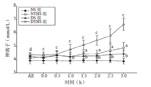 与NS组比较,aP < 0.05;与DTHS组比较,bP < 0.05;与NTHS组比较,cP < 0.05;干热环境组与常温环境组暴露3 h比较,dP < 0.05 图 2 各组血清钾离子浓度变化趋势图 Figure 2 The trend chart of serumpotassium level in each group |
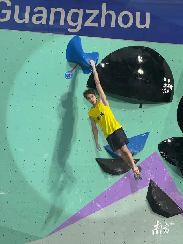 在男子攀石决赛中,潘愚非以99.9分的成绩将冠军稳稳收入囊中。这是他在本届全运会中收获的第二枚金牌,11月13日举行的十五运会男子攀岩难度决赛中,他夺得本届全运会首金。
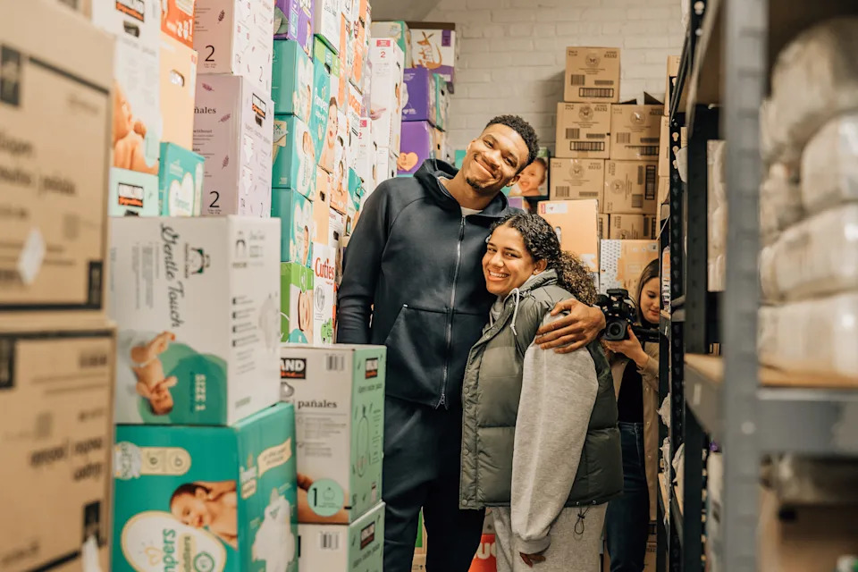 Bucks superstar Giannis Antetokounmpo and his longtime partner Mariah Riddlesprigger at the Milwaukee Diaper Mission on Sept. 11, 2023.
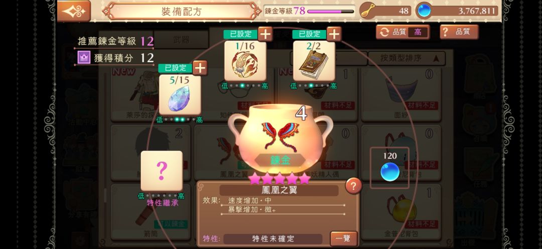我用的材料品质平均值大约是70多,所有材料的品质提升是3个6,2个5,一共28,成品品质达到了100
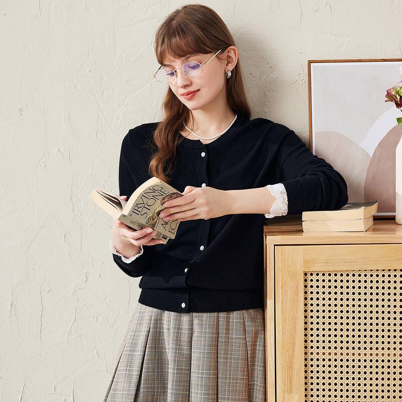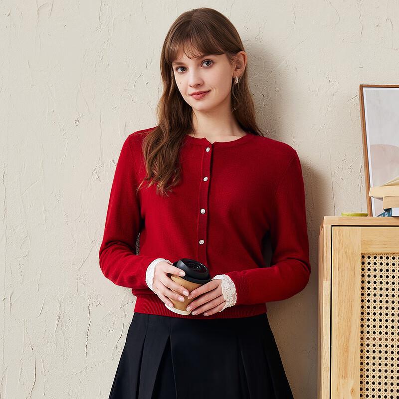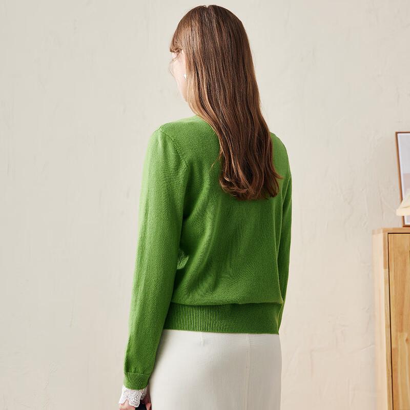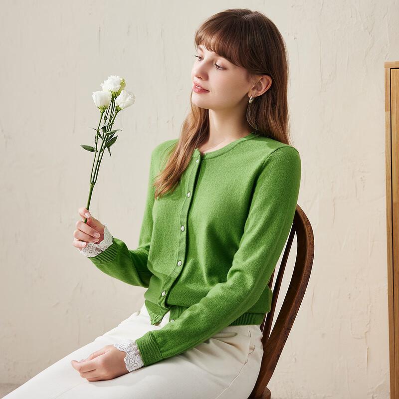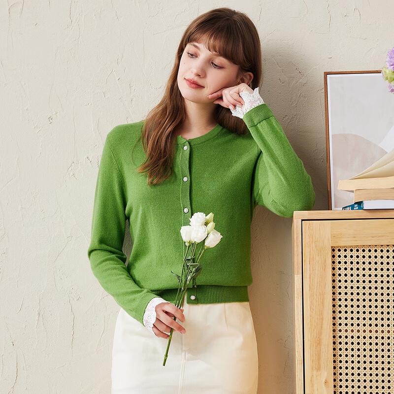 Женский кардиган из шерсти с кружевной отделкой пэчворк Komoboka
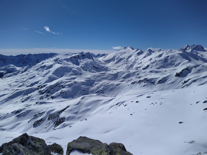 Überwältigende Aussicht vom Gipfel. Ich war positiv überrascht. Im oberen Teil vom Aufstieg und auf dem Gipfel herrschte mässiger bis starker Wind. Aufgrund der hohen Temperaturen lag dennoch eine gemütliche Pause drin. Das Wetter war traumhaft. Auf der Abfahrt wurde es schon fast richtiggehend heiss... zu heiss für die Jahreszeit. Leider habe ich mit dem Handy nur Bilder vom Gipfelpanorama gemacht und keine eigentlichen Verhältnisbilder.
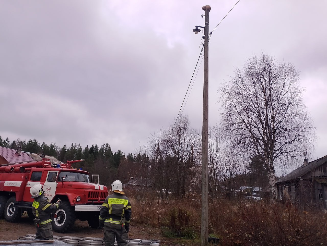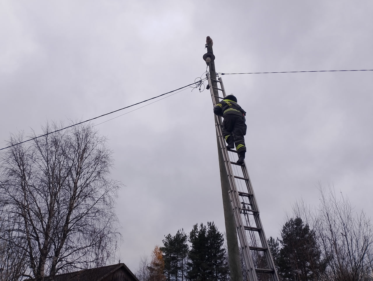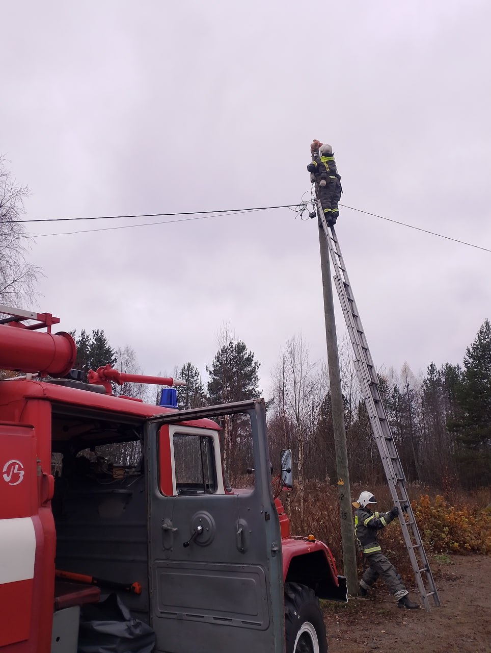 Пожарные спасли кота с фонарного столба в Поросозеро
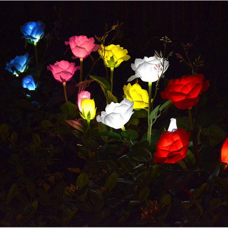 5 Pack 3LED 3Heads Solar Powered Garden Decorations Lights Simulation Rose Flower Decoration Lamp for Backyard Garden
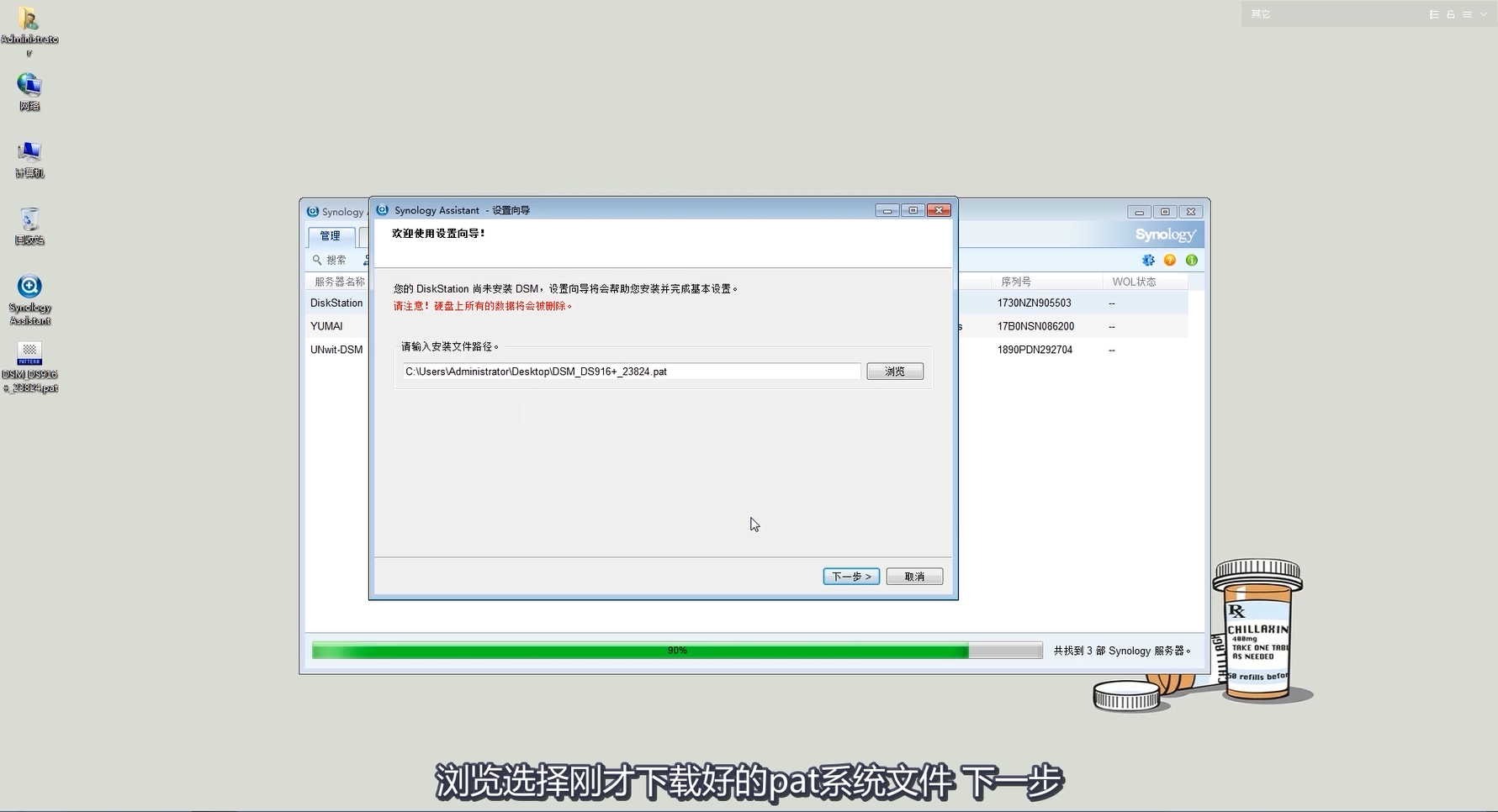選擇你的機(jī)器的型號,然后下載 pat 文件和安裝助手Synology Assistant
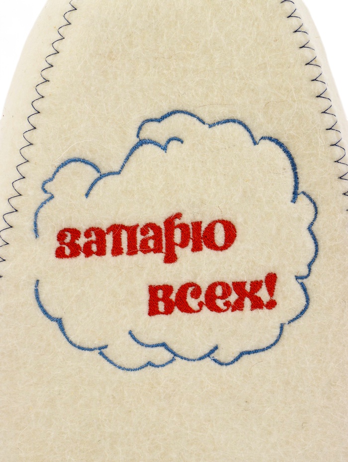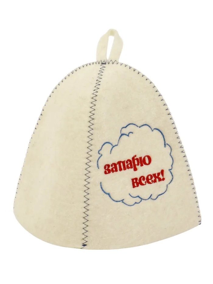 Банная шапка «Запарю всех!» из шерсти и полиэфира — аксессуар с юмористичной вышивкой, создающий настроение настоящего банщика. Универсальная модель сочетает практичность с выразительным стилем.
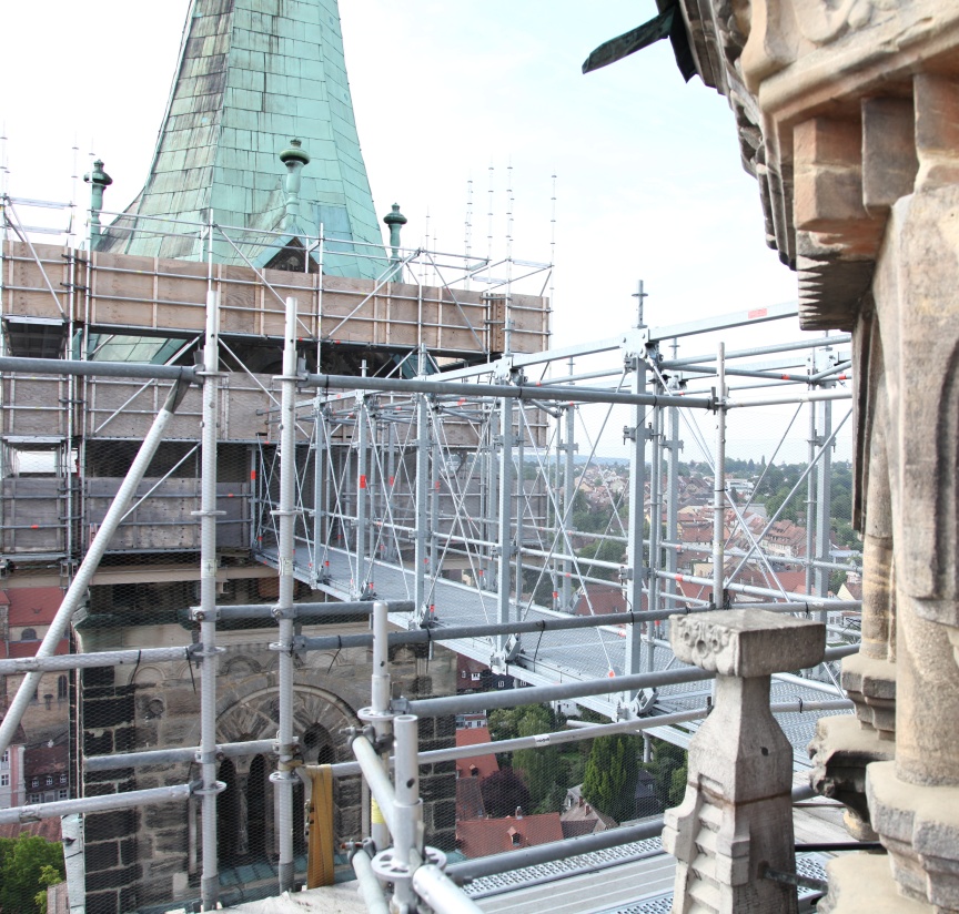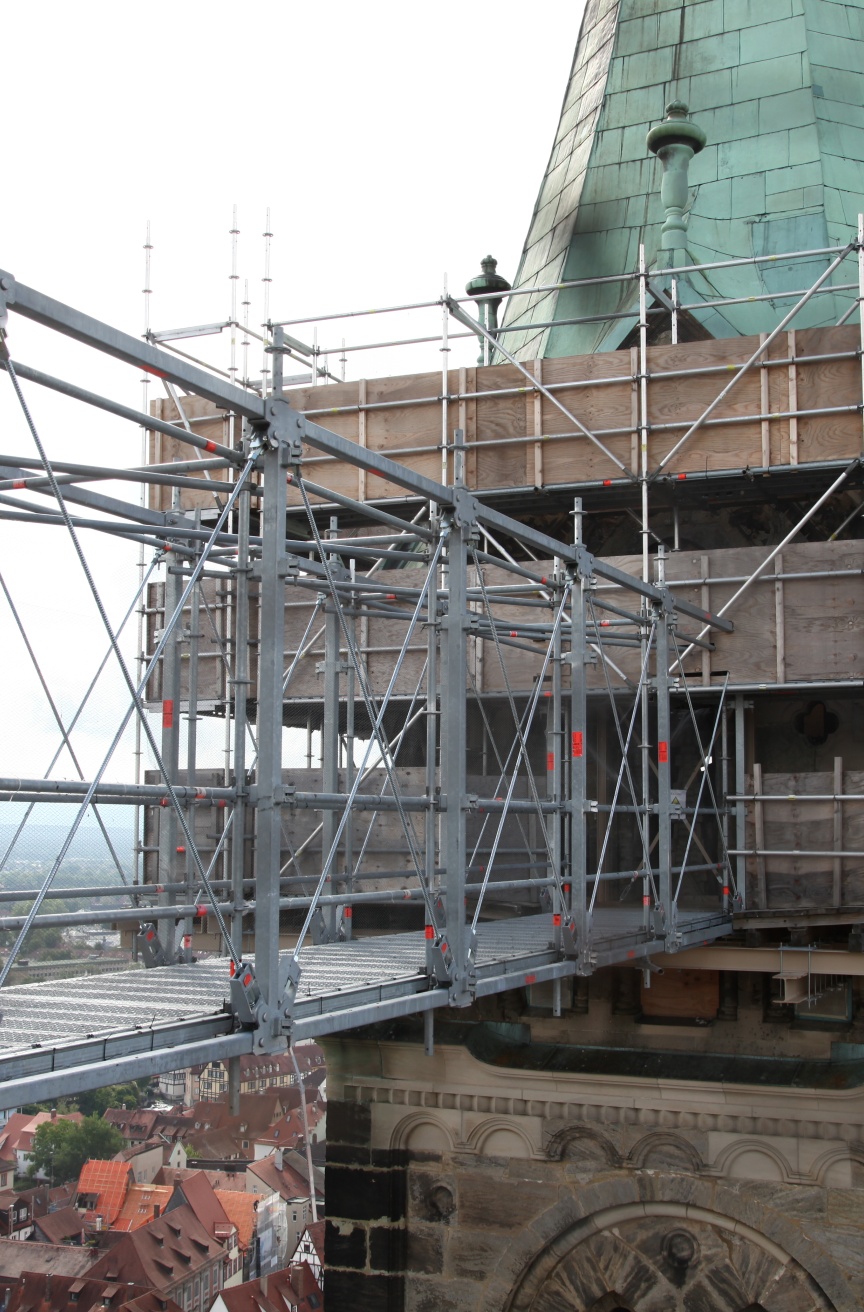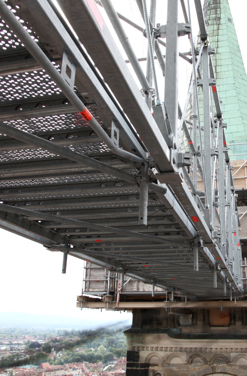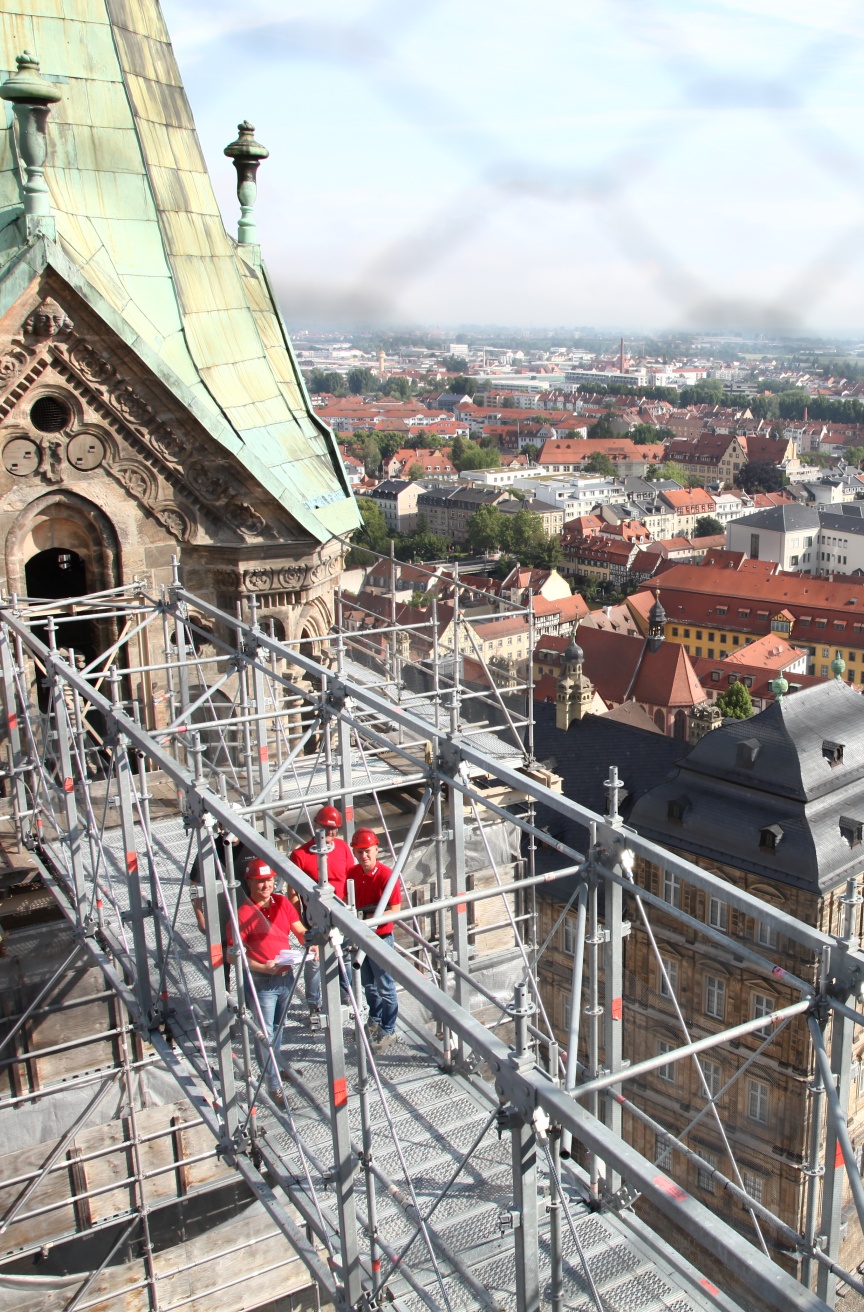 “We specialise in scaffolding solutions for listed building monument protection, as well as historical building and church renovations – to some extent because Bamberg has such exceptional historic architecture,” explained Udo and Thorsten Karl, Managing Directors of the company that is headquartered just outside Bamberg’s city gates. Karl Gerüstbau uses Layher Allround Scaffolding material because of its versatility, and is often the first company to try out the scaffolding manufacturer’s innovations. When new products are being used for the first time the Layher engineers and product managers are always on hand to provide advice and support in the planning and build phases. “We appreciate the personal service and the fast decision-making processes at Layher. In fact, we believe they are the reasons why our partnership is so successful,” emphasised Udo Karl in our interview. The Bambergers also pointed out the importance of the versatile Layher accessories that are integrated into the systems and have standard dimensions to maximise flexibility of use in the Allround Scaffolding structures. “The Layher Allround Scaffolding offers us endless possibilities. All the innovative products and accessories are practice-tested and noticeably improve the efficiency and reliability of our work. The accessories are also all dimensionally and statically perfect for the material we already have, including earlier generation products, which saves time during assembly and money,” added the scaffolding experts.
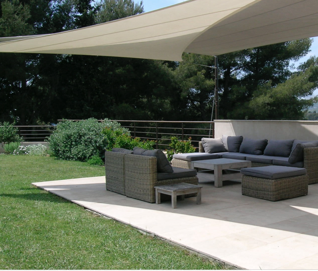 Sombra tensada en terraza exterior de restaurante. Color arena, tejido microperforado técnico de alta resistencia.
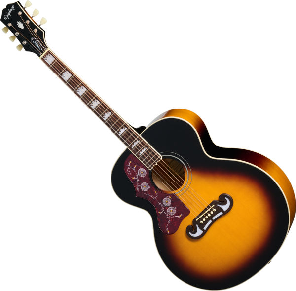 La guitare folk électro-acoustique EPIPHONE Inspired By Gibson SJ-200 Studio Left Handed (EASJ2VSNH1L) est une réinterprétation grand public de la Gibson SJ-200 vintage des années 1950 (le fond et les éclisses des modèles produits avant 1947 était en Palissandre, remplacé par de l'Erable après cette date).
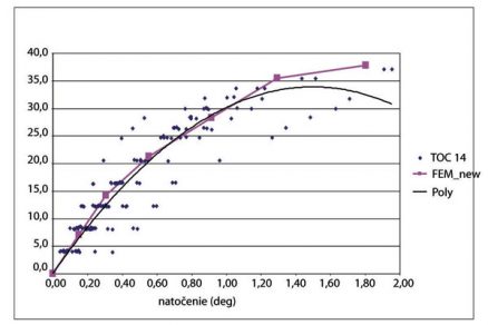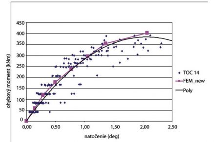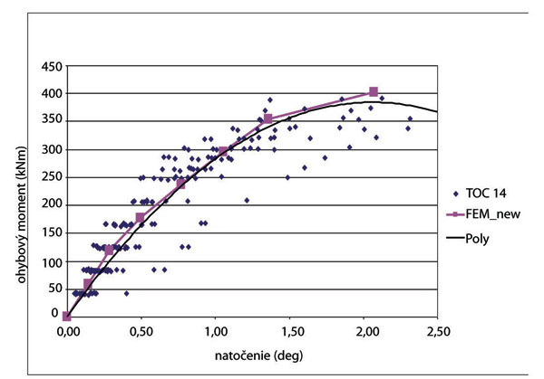Na obr. 4 a 5 sú zobrazené hľadané výsledné krivky M-ϕ (tenká čierna čiara), ich vyhodnotenie a porovnanie s krivkou M-ϕ získanou z riešení pomocou konečných prvkov (čiara so štvorcovým symbolom). Rozdiely medzi výslednou experimentálnou krivkou a krivkou z vypočítaného modelu sú rádovo do 3 % v oblasti, ktorá je podstatná pre navrhovanie styčníka a jeho pôsobenie. Nesúlad krivky na základe experimentu a krivky z výpočtu MKP je v poslednej fáze kolapsu styčníka, keď sa prejavuje nedostatočne výstižné modelovanie nelineárneho správania dreva.

## [The task]
Using the material above, transcribe exactly the lines from the one holding "在男子攀石决赛中,潘愚非以9" to the one holding "с выразительным стилем.", both ends kept. Do not carry over any pictures.

## [Response below]
 在男子攀石决赛中,潘愚非以99.9分的成绩将冠军稳稳收入囊中。这是他在本届全运会中收获的第二枚金牌,11月13日举行的十五运会男子攀岩难度决赛中,他夺得本届全运会首金。
 Bucks superstar Giannis Antetokounmpo and his longtime partner Mariah Riddlesprigger at the Milwaukee Diaper Mission on Sept. 11, 2023.
我用的材料品质平均值大约是70多,所有材料的品质提升是3个6,2个5,一共28,成品品质达到了100
 Женский кардиган из шерсти с кружевной отделкой пэчворк Komoboka
 Überwältigende Aussicht vom Gipfel. Ich war positiv überrascht. Im oberen Teil vom Aufstieg und auf dem Gipfel herrschte mässiger bis starker Wind. Aufgrund der hohen Temperaturen lag dennoch eine gemütliche Pause drin. Das Wetter war traumhaft. Auf der Abfahrt wurde es schon fast richtiggehend heiss... zu heiss für die Jahreszeit. Leider habe ich mit dem Handy nur Bilder vom Gipfelpanorama gemacht und keine eigentlichen Verhältnisbilder.
 Пожарные спасли кота с фонарного столба в Поросозеро
 5 Pack 3LED 3Heads Solar Powered Garden Decorations Lights Simulation Rose Flower Decoration Lamp for Backyard Garden
選擇你的機(jī)器的型號,然后下載 pat 文件和安裝助手Synology Assistant
 Банная шапка «Запарю всех!» из шерсти и полиэфира — аксессуар с юмористичной вышивкой, создающий настроение настоящего банщика. Универсальная модель сочетает практичность с выразительным стилем.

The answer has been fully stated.